1863 Mexican emperor referendum

Results
| Choice | Votes | % |
| Yes | 6,445,564 | 100.00% |
| No | 0 | 0.00% |
| Valid votes | 6,445,564 | 100.00% |
| Invalid or blank votes | 0 | 0.00% |
| Total votes | 6,445,564 | 100.00% |
| Registered voters/turnout |  | 74.77% |

= 1863 Mexican emperor referendum =

A referendum on Maximilian becoming Emperor was held in Mexico on 4 December 1863. The proposal was supposedly approved by 100% of voters, with not a single vote cast against. Maximilian subsequently took the throne on 11 April 1864, starting the era of the Second Mexican Empire.

==Background==
In 1861 Mexican president Benito Juárez declared a moratorium on the country's debt as it was effectively bankrupt.
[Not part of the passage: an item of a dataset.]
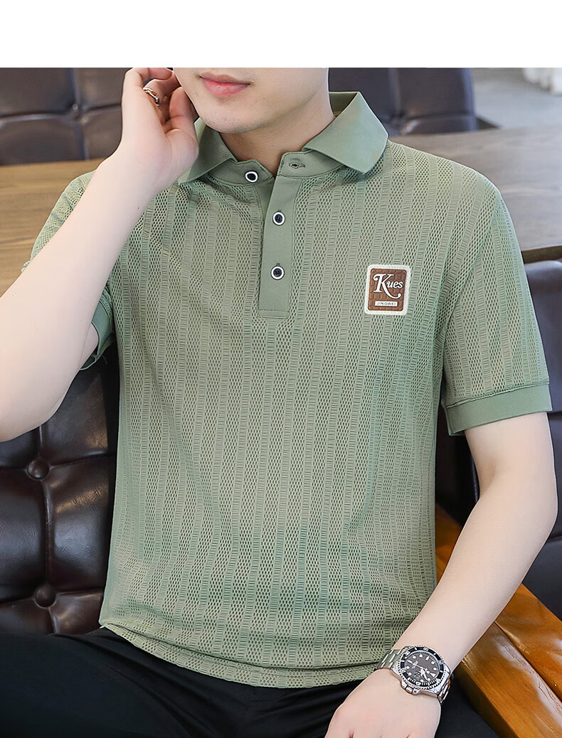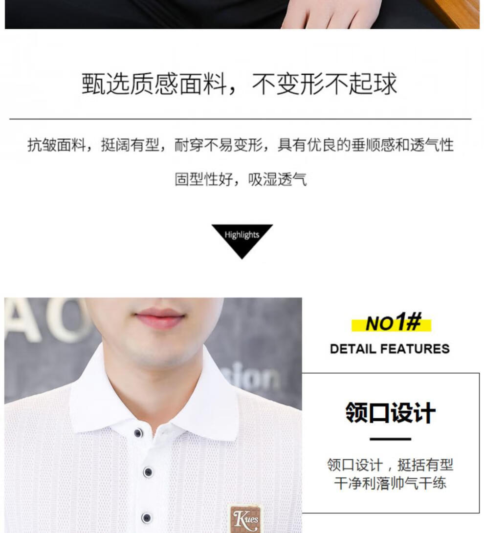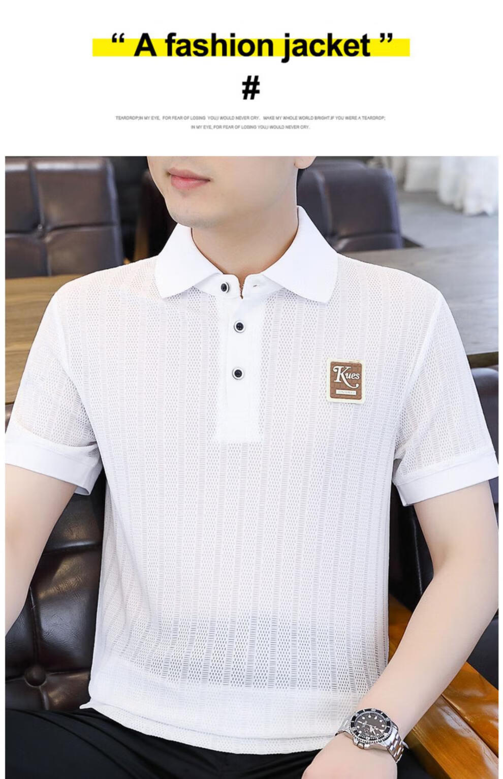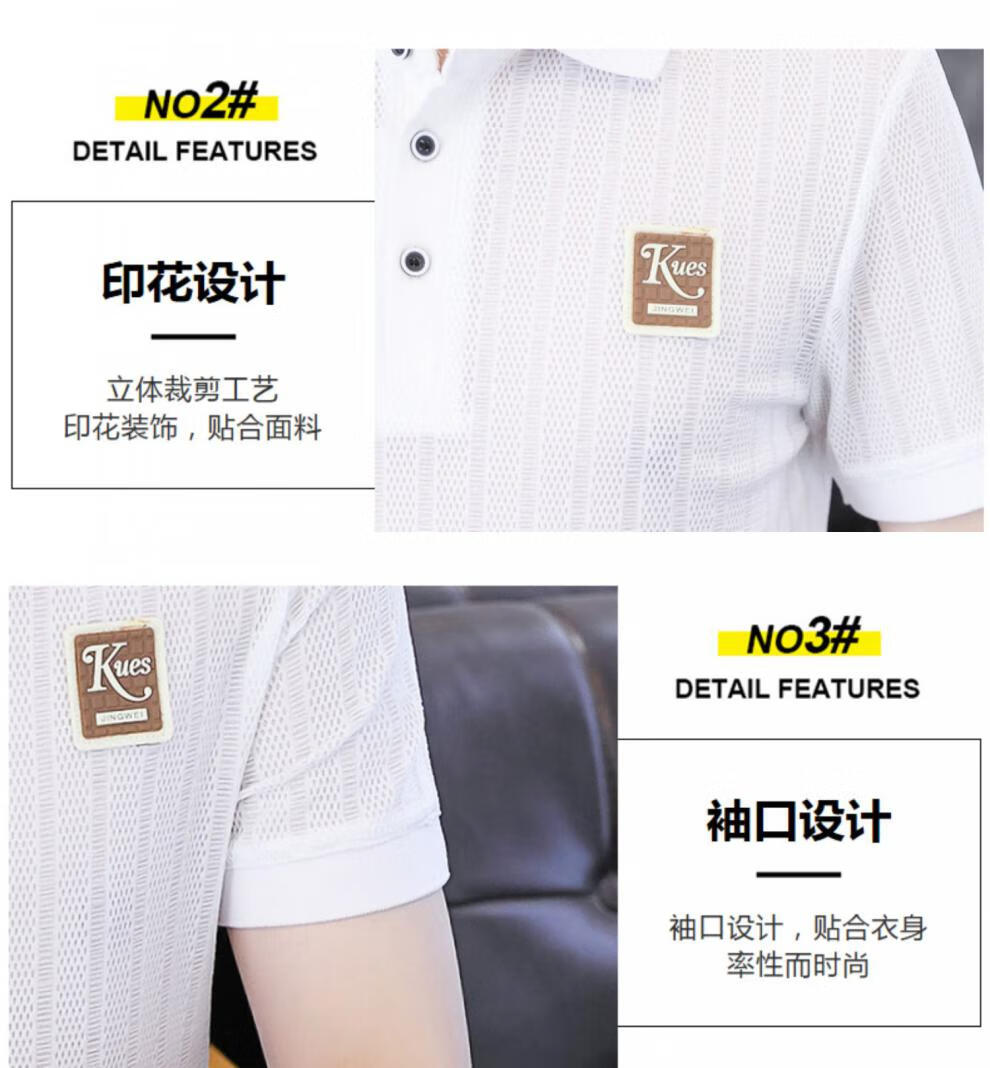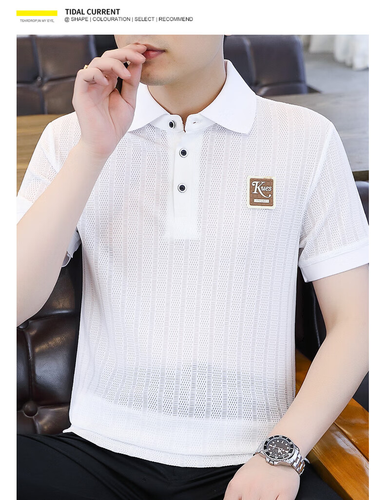 罗蒙(ROMON)冰丝短袖polo.衫男夏季薄款网眼镂空透气T恤2024新款纯色带领体恤 9923白色 L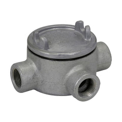 Eaton Crouse-Hinds series Condulet GUA conduit outlet box with cover, 3-5/8" cover opening diameter, Feraloy iron alloy, T shape, 1-1/4"

The country's creditors, Spain, France, and Great Britain decided to take action and formalized plans to militarily intervene in Mexico at the Convention of London on October 31, 1861. The port of Veracruz was occupied, but Spain and Great Britain began to back away as they realized France intended to overthrow the Mexican government in a plot that gained collaboration from Mexican monarchists.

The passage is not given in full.